The utility model provides a thinking and method of powder mobility measuring device specifically realize this technical scheme's method and way a lot, above only the utility model discloses a preferred embodiment should point out, to the ordinary technical personnel in this technical field, is not deviating from the utility model discloses under the prerequisite of principle, can also make a plurality of improvements and moist decorations, these improvements should also be regarded as with moist decorations the utility model discloses a protection scope. All the components not specified in the present embodiment can be realized by the prior art.
Claims (7)
1. The utility model provides a powder mobility measuring device, its characterized in that includes support (1) and motor (2) of setting on support (1), and torque sensor (3) and action wheel (7) are connected gradually to motor (2) output shaft, and action wheel (7) level one side is equipped with from driving wheel (10), and action wheel and follow driving wheel are equipped with rotary drum (5) that are used for holding the powder, are equipped with camera (9) on support (1) of rotary drum (5) opposite side.

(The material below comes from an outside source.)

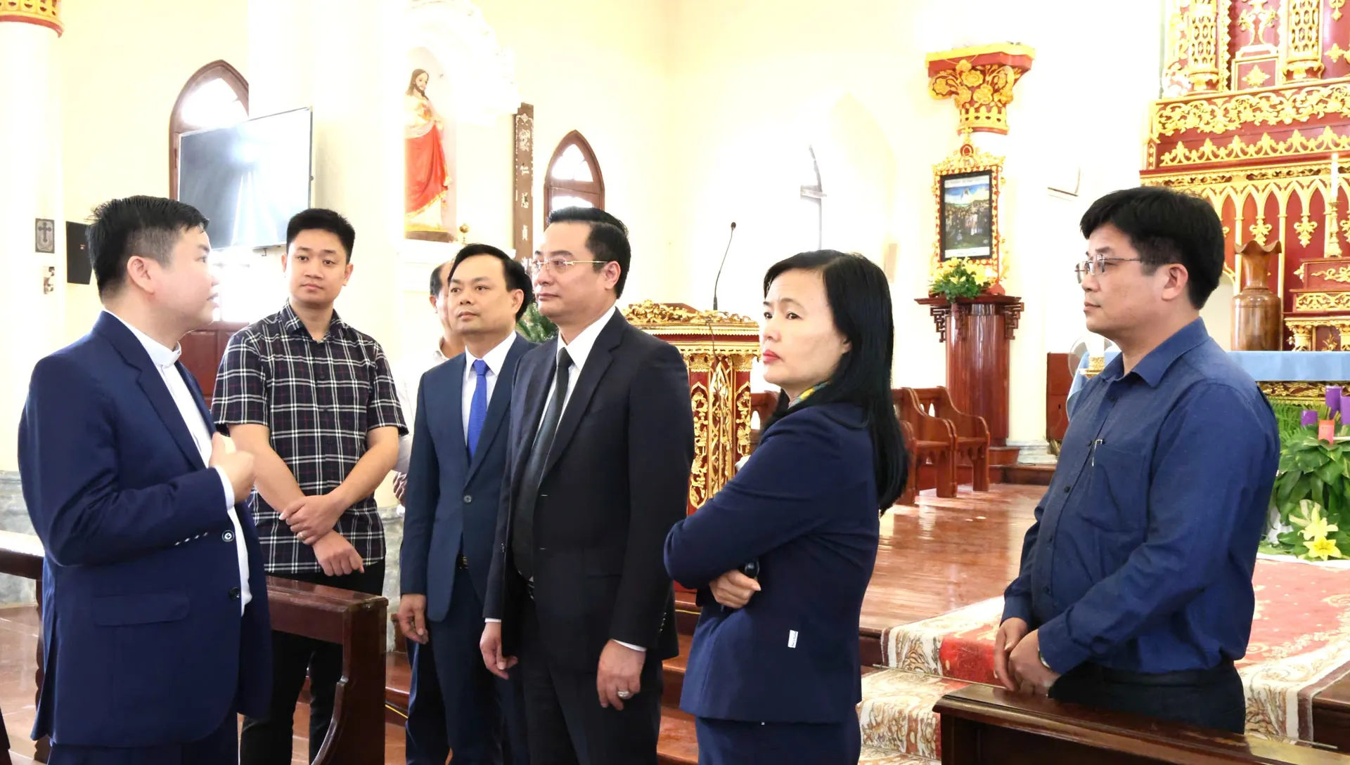 Lãnh đạo xã Tam Hưng thăm, chúc mừng Giáo xứ Đàn Giản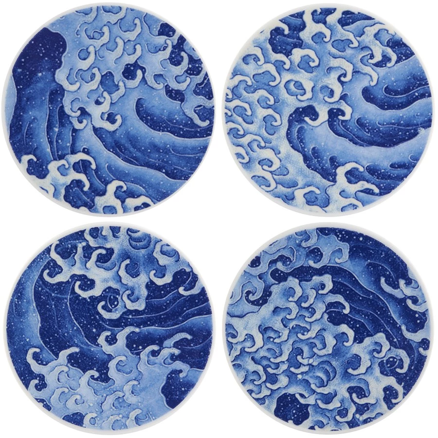 Entertain in easy style with a set of four porcelain coasters from Vista Alegre. The four motifs of this coaster set have been created from the woodblock print “The great Wave of Kanagawa”, by Katsushika Hokusai (1760-1849). One of Japan’s most famous artists, Hokusai produced more than 30,000 works. “The Great Wave of Kanagawa” which inspired this product is considered the world’s most famous Japanese woodblock print, having influenced great creations such as the painting of Claude Monet, the music of Claude Debussy and the literature of Rainer Maria Rilke. Handmade and decorated porcelain from Portugal.

2. A powder flowability measuring device as claimed in claim 1, wherein the drum is covered with a rubber casing (12) on the outside.
3. A powder flowability measuring device according to claim 1, characterised in that the drum is provided with more than one air hole (4).
4. The powder flowability measuring device according to claim 1, characterised in that a light source (8) is provided on the support (1) above the camera.
5. A powder flowability measuring device according to claim 1, wherein said drum (5) is of a two-lobe construction.
6. The powder flowability measuring device of claim 1, wherein the drum is made of transparent organic glass on one side close to the camera, black oxidation treatment is performed on the inner wall of the other side, the inner wall of the organic glass is coated with an ITO coating, and a circle of grooves (11) are formed on the inner side of the side wall of the drum.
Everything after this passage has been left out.